NJ Agency: 90 Percent of Mortgage Firms Violate Laws

The New Jersey Department of Banking and Insurance performed 173 examinations of mortgage licensees in 2011. According to National Mortgage News, these examinations concluded that 90 percent of the mortgage firms had some type of violation. The examinations showed a total 4,347 violations, or 25 per examination. The most common violations were deficiencies in loan documentation (accounting for 55 percent of violations) while charging impermissible fees was the second most common violation (accounting for 11 percent of violations). Apparently, this pattern is not unique to NJ. For example, according to National Mortgage News, representatives of the Maryland Department of Labor, Licensing and Regulation and the Pennsylvania Department of Banking and Securities also have stated that there are substantial problems in their states.

Realtors Criticize 'Excessive' Appraiser Comp Requirements

Appraisers have been the target of complaints since the fiscal crisis began in 2008. As a result, some lenders started requiring that appraisers provide as many as eight to 10 comparable transactions in their reports. Prior to the requirement, lenders generally required at least three comps on most residential appraisals. The National Association of Realtors called this new requirement “excessive” in an Oct. 11 news release. The NAR claims that the requirement was affecting home sales.
An NAR online survey showed that 11 percent of realtors indicated a contract was cancelled during the last three months due to an appraisal, and an additional 15 percent of surveyed realtors said a sale price was renegotiated to reflect a lower appraisal.
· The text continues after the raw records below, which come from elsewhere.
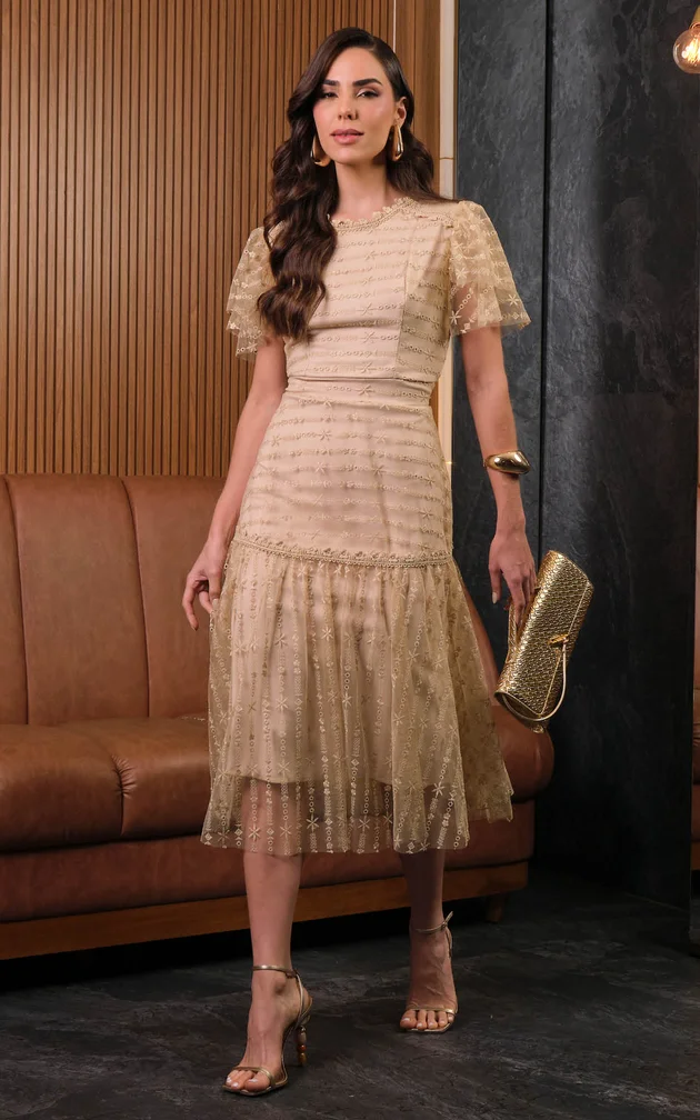 - Comprimento: Midi, ideal para eventos diurnos e produções elegantes.
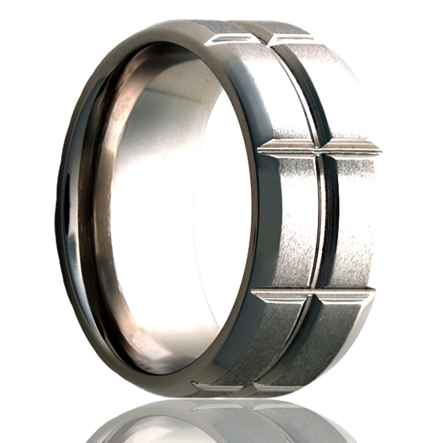 Satin Finish Cobalt Wedding Band with Beveled Edges and Intersecting Grooves
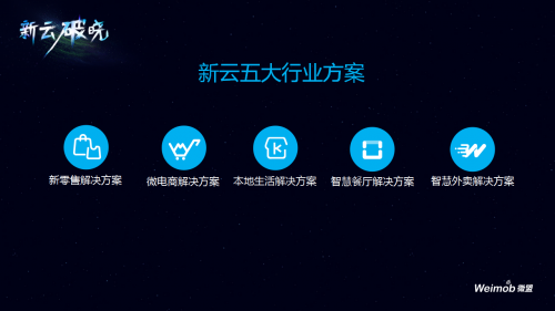 除了通用方案,微盟还有行业方案,也就是刚才提到的行业必须要深度垂直,所以微盟对每一个行业从它的中台、后台会做得非常深,目前微盟有五大行业解决方案:新零售解决方案、微电商解决方案、本地生活解决方案、智慧餐厅解决方案、智慧外卖解决方案,可以解决行业90%以上的需求,未来也可以基于微盟云做定制。
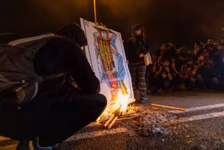Manifestantes queman fotos del Rey y banderas españolas en la Diagonal en la protesta por el acto de la FPdGi en el Palau de Congressos de Catalunya con la Familia Real - PAU VENTEO - EUROPA PRESS
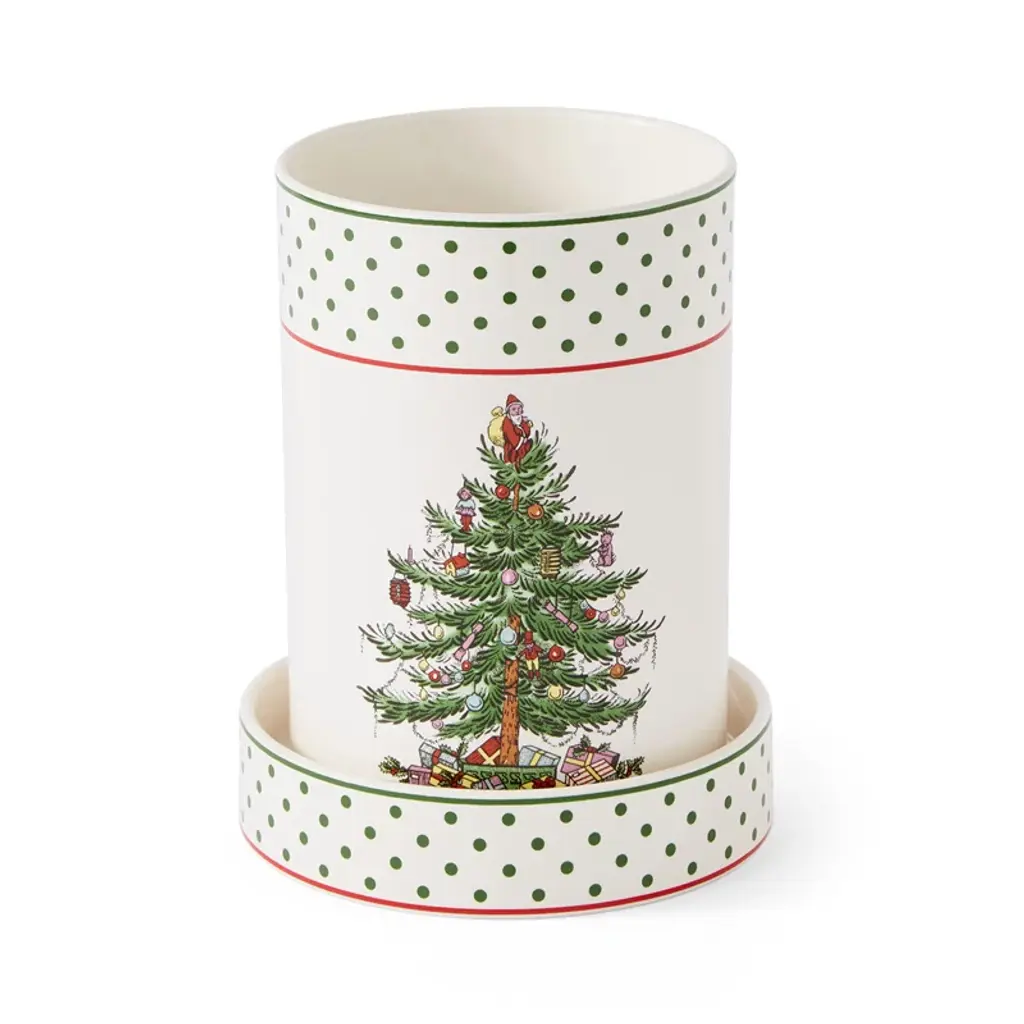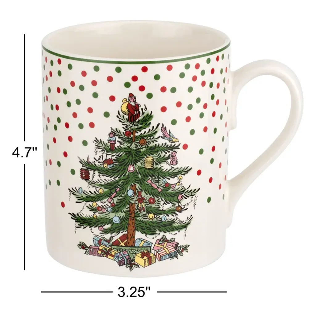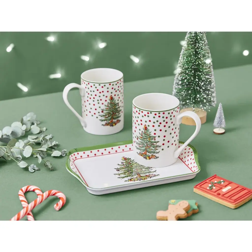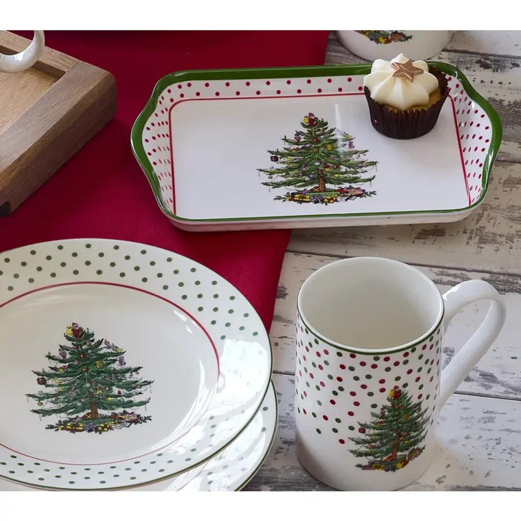 It features a playful polka dot border surrounding our iconic Christmas Tree. A whimsical dessert set to add cheer to the holidays. Perfect for a steamy mug of tea or hot toddies.
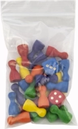 In de verpakking zitten ook twee standaard dobbelstenen, zodat je alles hebt om direct te spelen. De compacte zipzak van 7×13 cm houdt pionnen en dobbelstenen bij elkaar en is handig voor onderweg.
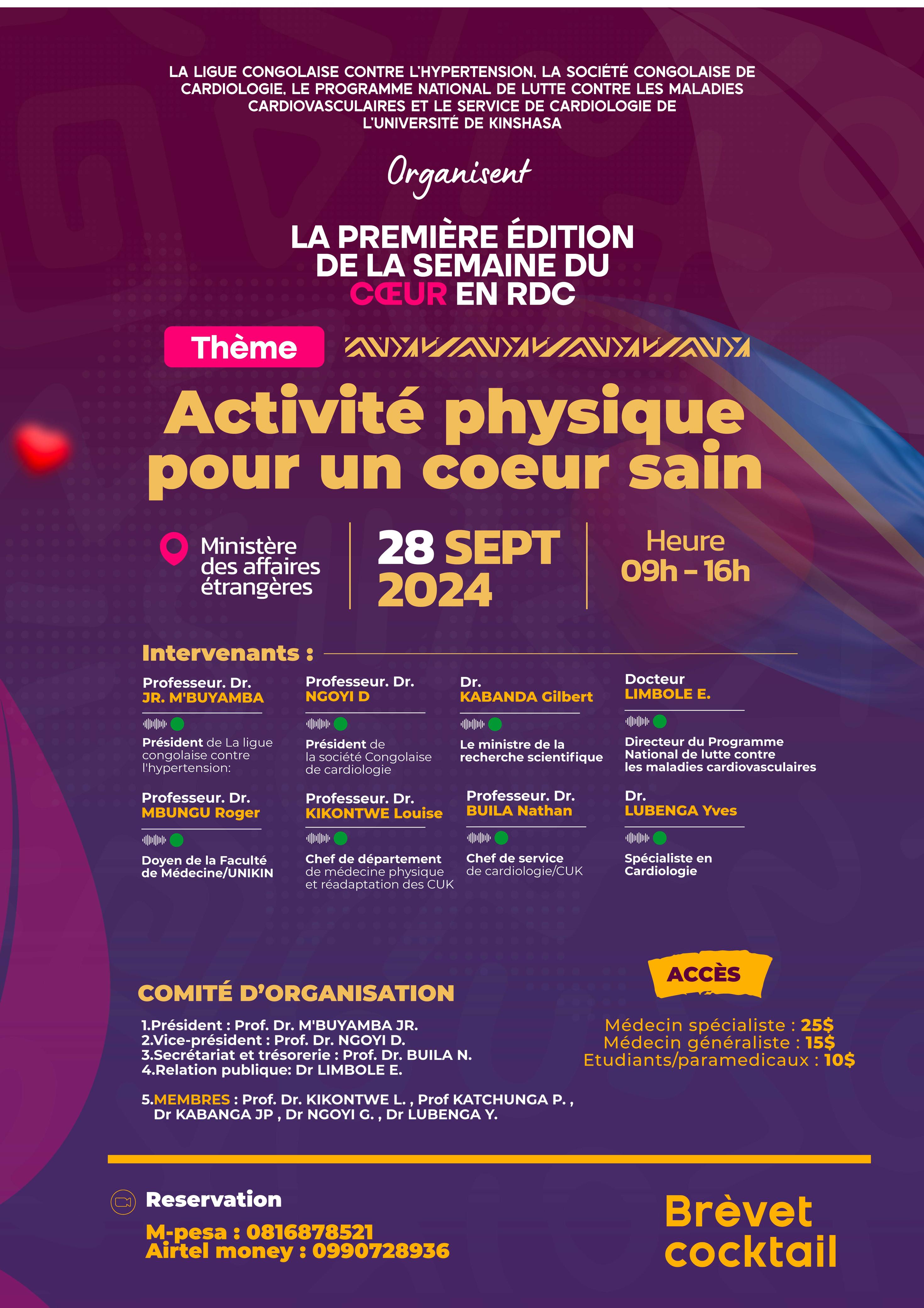La ligue Congolaise Contre l'hypertension, la société Congolaise de Cardiologie, le programme National de lutte contre les maladies cardiovasculaires et le service de cardiologie de l'Université de Kinshasa organisent la première édition de la semaine du cœur en RDC
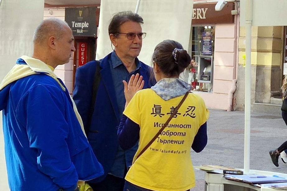 当天保加利亚某政党的几位志愿者也在普罗夫迪夫散发传单,他们对法轮大法很感兴趣,请学员讲一讲,他们聚精会神的听着,对中共犯下的罪行感到非常吃惊,其中一人说,“(中共对法轮功学员的迫害)听起来像恐怖电影。 ”
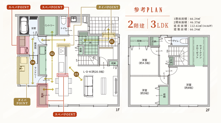 各所にタイパ提案・スぺパ提案を盛り込んだ新「AQ Grand」参考プラン(2階建て3LDK/延床面積112.61平方メートル )
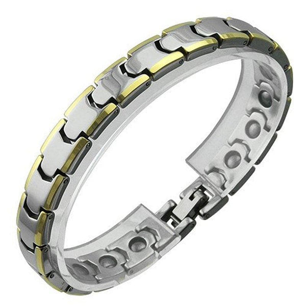 - The bracelet is made of solid tungsten carbide with a high polish and gold color PVD finish.
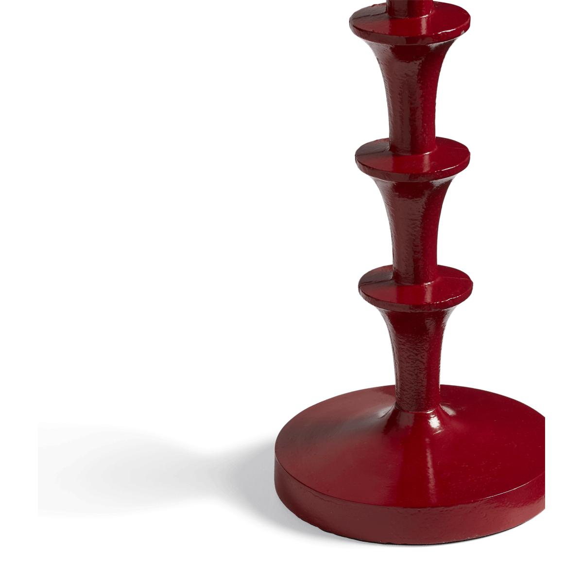 The Clara has a unique tiered stem that is reminiscent of growing fronds of a palm plant. Its shape is created by pouring the molten metal into a mould made from a sand mixture, left to set, and then welded, filed and polished. It has a shiny Dark Red finish.

However, 65 percent of realtors reported no contract issues connected to home appraisals.
The pendulum continues to move on the appraisal industry in the wake of the fiscal crisis.
 

PA Considers Controversial Park Sale Bill

The Pennsylvania General Assembly is considering a bill which would permit governmental entities to sell its public parks. The concern expressed by many – including newspaper columnists and groups such as the League of Women Voters – is that government officials will improperly use this as a “quick fix” to solve fiscal problems. For example, the Patriot News Editorial Board recently wrote, “The bill has the potential to decimate local parks . . . across the state. Is this really what our state lawmakers want? Quick sales of parks and public lands to plug short-term budget holes or pander to local developers?”

These critics believe that the current procedure should not be changed. The Donated and Dedicated Property Act currently requires a municipality to request the county Orphans Court for permission to sell the property. The League of Women Voters stated in a memo to lawmakers: “What is the rationale to amend this act that appears to have worked for more than a half-century?” The bill does not apply to properties acquired by eminent domain.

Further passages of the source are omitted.